BEGIN LISTED RECORDS

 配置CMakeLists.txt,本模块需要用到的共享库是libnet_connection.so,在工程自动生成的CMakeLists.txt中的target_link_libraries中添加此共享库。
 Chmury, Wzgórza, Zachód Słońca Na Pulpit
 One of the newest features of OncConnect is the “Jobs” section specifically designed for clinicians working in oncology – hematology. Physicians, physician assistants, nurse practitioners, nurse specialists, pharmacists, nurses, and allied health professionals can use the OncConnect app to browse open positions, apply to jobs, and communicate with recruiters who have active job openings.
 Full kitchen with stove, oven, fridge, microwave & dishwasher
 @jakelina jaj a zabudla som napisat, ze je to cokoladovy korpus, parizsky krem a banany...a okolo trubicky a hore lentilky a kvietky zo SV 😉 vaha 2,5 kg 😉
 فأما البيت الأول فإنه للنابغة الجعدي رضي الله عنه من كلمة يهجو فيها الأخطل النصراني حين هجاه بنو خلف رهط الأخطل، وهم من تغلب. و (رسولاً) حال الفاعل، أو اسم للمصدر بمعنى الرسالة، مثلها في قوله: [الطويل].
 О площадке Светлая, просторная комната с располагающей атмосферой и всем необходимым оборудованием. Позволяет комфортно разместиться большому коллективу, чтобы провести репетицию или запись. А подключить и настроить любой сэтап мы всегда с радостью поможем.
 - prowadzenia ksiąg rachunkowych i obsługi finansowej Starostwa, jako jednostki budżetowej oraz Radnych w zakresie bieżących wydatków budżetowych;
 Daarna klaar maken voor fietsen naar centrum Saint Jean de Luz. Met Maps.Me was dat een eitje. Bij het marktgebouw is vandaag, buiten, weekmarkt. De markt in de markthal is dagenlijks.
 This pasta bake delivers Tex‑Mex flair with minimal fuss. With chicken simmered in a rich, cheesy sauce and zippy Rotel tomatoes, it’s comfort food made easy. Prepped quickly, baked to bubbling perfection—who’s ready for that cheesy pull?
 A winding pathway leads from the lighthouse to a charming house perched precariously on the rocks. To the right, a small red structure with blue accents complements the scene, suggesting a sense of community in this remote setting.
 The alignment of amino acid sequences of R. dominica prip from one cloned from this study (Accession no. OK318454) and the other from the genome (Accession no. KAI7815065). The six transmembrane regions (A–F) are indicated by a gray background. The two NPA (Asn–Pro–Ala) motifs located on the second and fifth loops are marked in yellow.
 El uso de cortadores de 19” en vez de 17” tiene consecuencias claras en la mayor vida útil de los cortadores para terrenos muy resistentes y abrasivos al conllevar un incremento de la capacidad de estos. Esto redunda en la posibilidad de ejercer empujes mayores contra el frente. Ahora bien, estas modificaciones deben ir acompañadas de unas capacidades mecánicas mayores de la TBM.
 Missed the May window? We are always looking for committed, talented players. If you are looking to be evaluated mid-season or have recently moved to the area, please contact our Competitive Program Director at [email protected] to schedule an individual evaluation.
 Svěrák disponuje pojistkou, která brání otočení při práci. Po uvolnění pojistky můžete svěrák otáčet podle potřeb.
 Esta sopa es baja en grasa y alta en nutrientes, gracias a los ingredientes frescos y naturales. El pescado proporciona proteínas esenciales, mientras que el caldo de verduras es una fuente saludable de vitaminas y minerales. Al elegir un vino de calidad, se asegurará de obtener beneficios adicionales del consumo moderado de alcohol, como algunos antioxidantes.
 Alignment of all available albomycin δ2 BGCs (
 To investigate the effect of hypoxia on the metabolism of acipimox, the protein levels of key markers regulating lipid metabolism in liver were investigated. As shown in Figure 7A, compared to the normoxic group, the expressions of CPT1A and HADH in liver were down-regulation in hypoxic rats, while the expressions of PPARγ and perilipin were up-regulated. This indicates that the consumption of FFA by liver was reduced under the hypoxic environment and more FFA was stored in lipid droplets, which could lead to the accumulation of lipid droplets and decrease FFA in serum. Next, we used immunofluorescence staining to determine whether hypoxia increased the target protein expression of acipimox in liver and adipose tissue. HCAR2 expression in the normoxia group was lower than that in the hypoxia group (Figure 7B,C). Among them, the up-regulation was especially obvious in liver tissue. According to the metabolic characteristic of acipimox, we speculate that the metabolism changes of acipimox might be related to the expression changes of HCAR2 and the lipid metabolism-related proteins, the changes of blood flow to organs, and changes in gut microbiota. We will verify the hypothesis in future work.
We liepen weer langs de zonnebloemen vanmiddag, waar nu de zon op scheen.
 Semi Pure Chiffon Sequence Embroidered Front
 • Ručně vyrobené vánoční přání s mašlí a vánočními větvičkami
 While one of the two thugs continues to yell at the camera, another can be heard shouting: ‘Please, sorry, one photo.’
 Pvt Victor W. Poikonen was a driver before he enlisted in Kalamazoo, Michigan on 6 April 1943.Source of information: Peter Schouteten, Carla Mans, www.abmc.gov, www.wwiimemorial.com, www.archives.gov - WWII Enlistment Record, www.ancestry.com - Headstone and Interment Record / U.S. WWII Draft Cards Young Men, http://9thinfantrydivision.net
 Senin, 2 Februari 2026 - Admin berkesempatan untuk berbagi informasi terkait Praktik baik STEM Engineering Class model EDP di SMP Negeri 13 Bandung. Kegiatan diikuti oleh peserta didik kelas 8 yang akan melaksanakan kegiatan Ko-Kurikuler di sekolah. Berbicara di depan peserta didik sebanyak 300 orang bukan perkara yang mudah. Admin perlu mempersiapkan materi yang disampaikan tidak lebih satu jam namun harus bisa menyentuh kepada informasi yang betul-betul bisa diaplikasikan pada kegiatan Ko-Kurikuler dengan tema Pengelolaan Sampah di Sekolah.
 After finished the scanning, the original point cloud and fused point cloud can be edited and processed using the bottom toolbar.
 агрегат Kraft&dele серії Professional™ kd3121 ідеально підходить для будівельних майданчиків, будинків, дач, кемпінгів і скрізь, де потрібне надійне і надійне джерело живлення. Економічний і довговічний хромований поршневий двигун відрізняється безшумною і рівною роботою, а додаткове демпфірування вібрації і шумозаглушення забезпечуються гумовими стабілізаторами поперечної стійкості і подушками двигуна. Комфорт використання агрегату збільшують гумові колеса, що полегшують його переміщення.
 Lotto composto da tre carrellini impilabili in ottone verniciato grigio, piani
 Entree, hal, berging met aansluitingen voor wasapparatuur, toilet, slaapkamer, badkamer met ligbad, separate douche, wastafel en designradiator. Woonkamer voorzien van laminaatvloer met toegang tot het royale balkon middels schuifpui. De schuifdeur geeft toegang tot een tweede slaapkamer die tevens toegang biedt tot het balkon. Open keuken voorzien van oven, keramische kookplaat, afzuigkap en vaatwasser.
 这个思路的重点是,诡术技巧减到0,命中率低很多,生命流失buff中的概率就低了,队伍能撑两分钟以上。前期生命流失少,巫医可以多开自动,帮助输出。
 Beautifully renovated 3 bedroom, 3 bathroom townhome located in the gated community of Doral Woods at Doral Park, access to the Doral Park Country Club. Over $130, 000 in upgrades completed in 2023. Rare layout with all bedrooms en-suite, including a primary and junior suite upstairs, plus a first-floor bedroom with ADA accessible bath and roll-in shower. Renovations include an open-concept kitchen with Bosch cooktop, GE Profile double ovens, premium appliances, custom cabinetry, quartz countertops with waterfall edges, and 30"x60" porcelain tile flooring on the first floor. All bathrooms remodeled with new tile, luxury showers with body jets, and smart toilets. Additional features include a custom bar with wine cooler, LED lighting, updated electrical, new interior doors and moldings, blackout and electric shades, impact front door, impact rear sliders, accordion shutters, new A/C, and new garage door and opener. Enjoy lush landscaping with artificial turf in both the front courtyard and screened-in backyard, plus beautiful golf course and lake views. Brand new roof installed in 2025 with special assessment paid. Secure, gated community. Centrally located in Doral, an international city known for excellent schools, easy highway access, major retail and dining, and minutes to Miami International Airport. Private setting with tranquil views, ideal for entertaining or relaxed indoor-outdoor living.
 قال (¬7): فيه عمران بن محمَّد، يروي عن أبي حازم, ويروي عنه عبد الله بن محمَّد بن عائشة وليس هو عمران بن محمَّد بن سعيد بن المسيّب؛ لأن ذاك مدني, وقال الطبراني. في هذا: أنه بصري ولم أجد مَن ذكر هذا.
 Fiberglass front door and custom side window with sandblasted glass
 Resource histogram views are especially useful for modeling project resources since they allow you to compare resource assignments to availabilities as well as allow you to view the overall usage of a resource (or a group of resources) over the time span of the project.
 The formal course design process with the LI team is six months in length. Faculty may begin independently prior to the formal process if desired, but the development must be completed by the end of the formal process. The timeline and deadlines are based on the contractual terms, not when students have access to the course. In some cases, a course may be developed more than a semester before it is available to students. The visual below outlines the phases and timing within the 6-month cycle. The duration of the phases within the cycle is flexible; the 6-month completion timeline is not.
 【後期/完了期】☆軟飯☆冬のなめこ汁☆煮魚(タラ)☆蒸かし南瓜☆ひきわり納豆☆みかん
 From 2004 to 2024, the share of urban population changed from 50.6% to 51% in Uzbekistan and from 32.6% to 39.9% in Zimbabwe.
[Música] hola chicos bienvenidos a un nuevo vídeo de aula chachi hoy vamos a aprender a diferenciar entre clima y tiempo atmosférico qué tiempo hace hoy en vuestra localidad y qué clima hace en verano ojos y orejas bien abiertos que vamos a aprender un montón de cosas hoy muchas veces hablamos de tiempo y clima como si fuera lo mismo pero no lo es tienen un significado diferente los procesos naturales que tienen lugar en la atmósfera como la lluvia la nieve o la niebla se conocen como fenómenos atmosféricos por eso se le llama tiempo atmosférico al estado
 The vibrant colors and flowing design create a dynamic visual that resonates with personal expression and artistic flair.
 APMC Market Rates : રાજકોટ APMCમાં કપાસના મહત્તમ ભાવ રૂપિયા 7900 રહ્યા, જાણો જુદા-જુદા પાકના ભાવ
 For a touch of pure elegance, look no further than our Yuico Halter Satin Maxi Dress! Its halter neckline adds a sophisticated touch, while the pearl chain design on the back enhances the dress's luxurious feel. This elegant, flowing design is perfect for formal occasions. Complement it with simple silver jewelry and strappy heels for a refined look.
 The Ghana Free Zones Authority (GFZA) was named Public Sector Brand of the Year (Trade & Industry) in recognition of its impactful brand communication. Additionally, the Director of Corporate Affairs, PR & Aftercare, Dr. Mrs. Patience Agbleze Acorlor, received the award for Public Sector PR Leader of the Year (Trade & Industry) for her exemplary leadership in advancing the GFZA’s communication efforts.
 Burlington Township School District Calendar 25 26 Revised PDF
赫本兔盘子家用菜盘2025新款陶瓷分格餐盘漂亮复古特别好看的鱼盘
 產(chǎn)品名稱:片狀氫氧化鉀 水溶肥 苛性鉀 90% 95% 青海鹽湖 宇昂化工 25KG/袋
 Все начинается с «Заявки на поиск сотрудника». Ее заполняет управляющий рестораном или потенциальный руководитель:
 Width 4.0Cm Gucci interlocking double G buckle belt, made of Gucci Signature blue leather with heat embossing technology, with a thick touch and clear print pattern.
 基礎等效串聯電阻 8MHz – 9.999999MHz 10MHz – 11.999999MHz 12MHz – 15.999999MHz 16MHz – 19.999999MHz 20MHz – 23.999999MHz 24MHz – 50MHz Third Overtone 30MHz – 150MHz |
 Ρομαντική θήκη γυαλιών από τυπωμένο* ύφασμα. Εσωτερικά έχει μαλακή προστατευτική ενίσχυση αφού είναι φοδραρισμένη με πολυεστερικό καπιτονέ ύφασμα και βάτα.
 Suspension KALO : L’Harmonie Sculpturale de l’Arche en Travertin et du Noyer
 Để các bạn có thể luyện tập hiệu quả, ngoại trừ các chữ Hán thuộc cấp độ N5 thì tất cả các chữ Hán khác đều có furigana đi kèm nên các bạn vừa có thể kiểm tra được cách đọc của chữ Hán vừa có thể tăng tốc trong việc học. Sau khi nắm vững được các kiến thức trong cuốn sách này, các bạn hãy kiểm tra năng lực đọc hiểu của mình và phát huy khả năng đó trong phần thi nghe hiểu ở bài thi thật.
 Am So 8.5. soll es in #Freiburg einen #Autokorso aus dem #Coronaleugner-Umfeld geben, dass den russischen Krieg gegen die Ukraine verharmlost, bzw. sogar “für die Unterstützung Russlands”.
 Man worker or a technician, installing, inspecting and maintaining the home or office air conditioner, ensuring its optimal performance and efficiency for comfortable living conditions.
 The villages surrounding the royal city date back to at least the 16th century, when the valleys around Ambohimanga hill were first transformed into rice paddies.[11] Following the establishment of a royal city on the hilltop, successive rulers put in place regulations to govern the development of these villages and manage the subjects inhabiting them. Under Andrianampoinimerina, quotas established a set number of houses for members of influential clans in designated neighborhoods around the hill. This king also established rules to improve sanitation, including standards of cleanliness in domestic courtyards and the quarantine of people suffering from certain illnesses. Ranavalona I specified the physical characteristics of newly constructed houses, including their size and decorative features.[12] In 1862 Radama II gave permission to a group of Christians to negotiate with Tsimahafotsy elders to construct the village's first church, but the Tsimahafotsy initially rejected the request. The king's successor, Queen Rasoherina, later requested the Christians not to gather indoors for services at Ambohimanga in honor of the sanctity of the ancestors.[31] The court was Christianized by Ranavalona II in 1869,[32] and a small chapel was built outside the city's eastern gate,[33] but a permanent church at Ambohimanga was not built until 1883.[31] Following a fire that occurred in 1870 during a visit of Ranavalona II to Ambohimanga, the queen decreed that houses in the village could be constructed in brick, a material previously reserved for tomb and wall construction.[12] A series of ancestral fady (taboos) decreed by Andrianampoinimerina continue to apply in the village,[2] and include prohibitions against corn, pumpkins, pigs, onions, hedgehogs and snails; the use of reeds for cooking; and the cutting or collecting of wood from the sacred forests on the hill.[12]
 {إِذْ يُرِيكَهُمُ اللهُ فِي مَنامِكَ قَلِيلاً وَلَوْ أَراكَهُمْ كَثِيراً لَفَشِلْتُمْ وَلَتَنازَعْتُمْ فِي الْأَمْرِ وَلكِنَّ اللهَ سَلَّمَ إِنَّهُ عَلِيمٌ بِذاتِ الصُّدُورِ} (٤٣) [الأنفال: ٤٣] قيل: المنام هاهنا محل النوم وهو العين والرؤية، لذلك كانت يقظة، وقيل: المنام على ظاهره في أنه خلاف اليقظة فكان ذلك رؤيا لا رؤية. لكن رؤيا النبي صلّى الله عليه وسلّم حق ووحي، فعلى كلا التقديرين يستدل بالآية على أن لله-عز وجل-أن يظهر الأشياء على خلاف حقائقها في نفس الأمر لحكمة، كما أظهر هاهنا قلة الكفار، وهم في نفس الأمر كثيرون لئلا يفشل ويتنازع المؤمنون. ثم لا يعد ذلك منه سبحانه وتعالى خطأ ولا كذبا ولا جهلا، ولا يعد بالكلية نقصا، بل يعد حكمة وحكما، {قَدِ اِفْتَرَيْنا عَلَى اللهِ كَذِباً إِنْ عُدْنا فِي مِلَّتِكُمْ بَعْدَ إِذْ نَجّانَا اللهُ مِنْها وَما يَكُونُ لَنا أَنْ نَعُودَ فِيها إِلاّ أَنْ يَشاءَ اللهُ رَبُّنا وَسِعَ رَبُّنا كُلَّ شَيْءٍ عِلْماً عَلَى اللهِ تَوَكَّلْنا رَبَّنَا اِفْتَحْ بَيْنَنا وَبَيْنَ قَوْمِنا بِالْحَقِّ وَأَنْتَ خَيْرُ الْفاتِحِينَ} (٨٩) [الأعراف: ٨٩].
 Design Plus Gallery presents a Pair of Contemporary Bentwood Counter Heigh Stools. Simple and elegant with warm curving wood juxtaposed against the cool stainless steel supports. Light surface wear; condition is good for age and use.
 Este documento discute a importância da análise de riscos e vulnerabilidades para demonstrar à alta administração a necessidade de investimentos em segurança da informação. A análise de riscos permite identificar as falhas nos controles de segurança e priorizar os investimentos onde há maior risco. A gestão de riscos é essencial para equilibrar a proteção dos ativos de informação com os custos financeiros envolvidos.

END LISTED RECORDS

◆ **WHAT YOU NEED TO DO**
Could you tally the lines of the listing above that contain the word "window"? Give the number by itself.

◆ **SOLUTION FOR THIS PROBLEM**
2